*Listed records*

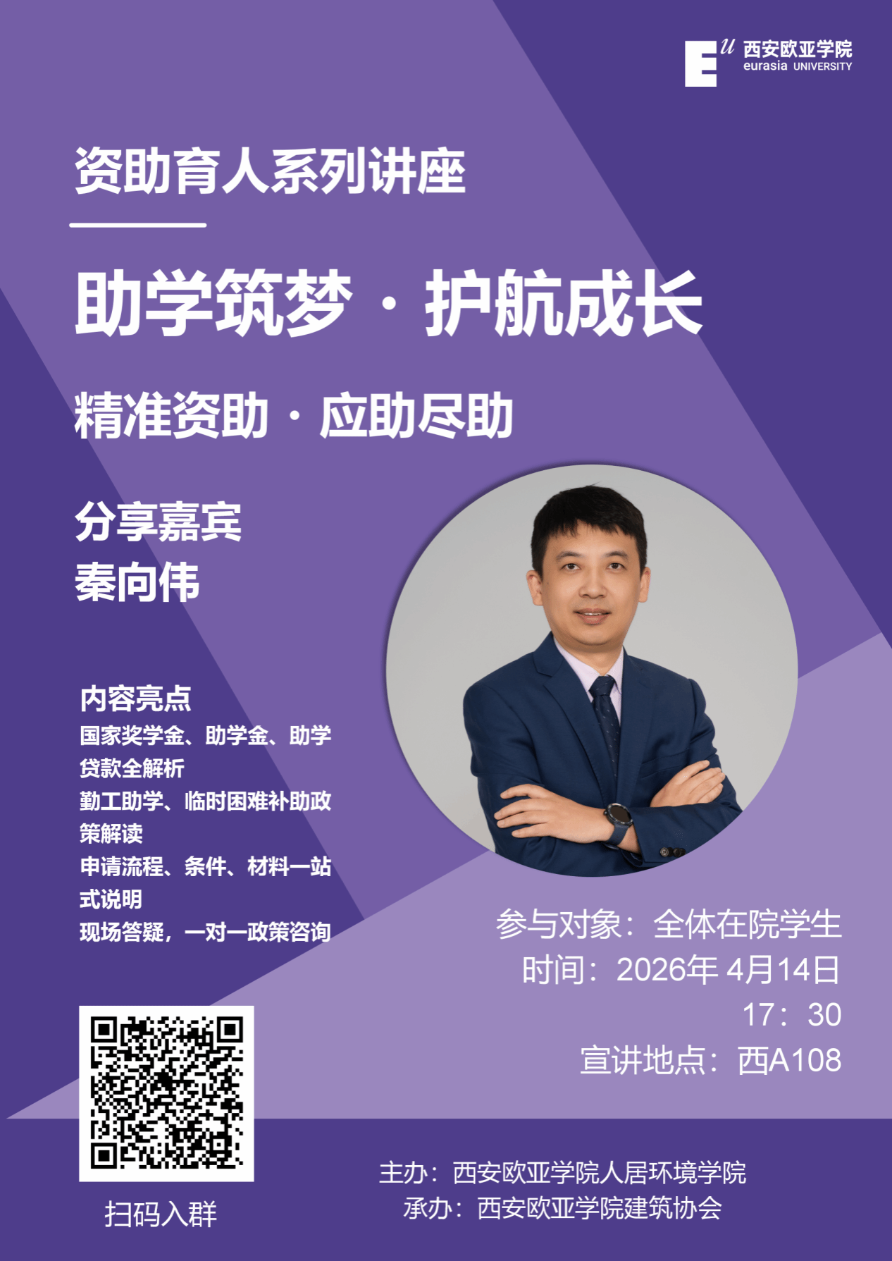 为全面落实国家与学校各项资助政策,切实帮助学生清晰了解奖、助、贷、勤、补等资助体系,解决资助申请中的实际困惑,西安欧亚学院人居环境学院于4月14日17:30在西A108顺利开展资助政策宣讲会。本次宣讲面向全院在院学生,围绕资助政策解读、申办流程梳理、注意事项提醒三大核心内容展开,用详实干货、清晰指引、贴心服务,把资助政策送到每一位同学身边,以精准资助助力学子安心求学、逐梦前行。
---
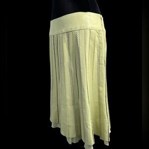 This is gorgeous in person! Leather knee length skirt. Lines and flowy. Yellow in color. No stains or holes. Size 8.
==
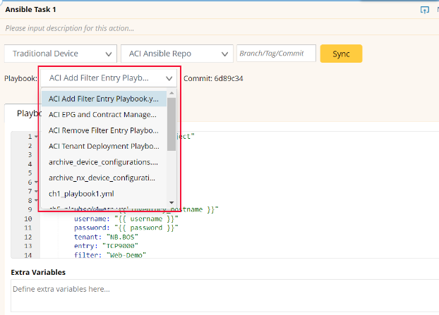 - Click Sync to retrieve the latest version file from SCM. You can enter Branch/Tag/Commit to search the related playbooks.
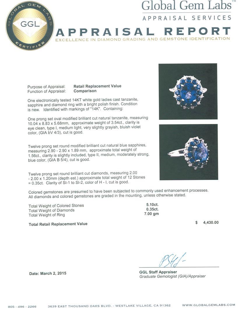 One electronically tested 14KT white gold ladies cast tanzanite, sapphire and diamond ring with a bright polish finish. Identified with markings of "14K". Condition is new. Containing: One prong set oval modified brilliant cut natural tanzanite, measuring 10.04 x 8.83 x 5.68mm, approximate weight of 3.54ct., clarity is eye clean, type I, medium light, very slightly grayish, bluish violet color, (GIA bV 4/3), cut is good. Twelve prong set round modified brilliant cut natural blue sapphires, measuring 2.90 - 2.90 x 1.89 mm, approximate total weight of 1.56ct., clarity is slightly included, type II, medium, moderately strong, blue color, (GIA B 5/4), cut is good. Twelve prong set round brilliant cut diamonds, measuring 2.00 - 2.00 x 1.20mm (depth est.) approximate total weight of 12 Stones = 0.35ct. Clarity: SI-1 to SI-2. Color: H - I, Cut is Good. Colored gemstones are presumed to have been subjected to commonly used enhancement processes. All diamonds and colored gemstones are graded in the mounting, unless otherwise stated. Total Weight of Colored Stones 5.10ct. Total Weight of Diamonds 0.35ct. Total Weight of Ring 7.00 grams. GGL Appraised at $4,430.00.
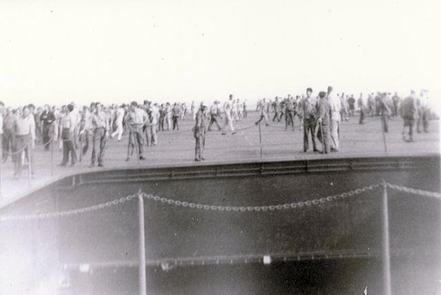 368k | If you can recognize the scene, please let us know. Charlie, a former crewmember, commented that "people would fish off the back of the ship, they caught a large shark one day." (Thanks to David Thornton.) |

*How to complete this task*
Transcribe exactly the lines above, beginning at the one with "- Click Sync" and going up to and including the one with "One electronically tested". Pictures do not belong in the copy.

*Output for this task*
 - Click Sync to retrieve the latest version file from SCM. You can enter Branch/Tag/Commit to search the related playbooks.
 One electronically tested 14KT white gold ladies cast tanzanite, sapphire and diamond ring with a bright polish finish. Identified with markings of "14K". Condition is new. Containing: One prong set oval modified brilliant cut natural tanzanite, measuring 10.04 x 8.83 x 5.68mm, approximate weight of 3.54ct., clarity is eye clean, type I, medium light, very slightly grayish, bluish violet color, (GIA bV 4/3), cut is good. Twelve prong set round modified brilliant cut natural blue sapphires, measuring 2.90 - 2.90 x 1.89 mm, approximate total weight of 1.56ct., clarity is slightly included, type II, medium, moderately strong, blue color, (GIA B 5/4), cut is good. Twelve prong set round brilliant cut diamonds, measuring 2.00 - 2.00 x 1.20mm (depth est.) approximate total weight of 12 Stones = 0.35ct. Clarity: SI-1 to SI-2. Color: H - I, Cut is Good. Colored gemstones are presumed to have been subjected to commonly used enhancement processes. All diamonds and colored gemstones are graded in the mounting, unless otherwise stated. Total Weight of Colored Stones 5.10ct. Total Weight of Diamonds 0.35ct. Total Weight of Ring 7.00 grams. GGL Appraised at $4,430.00.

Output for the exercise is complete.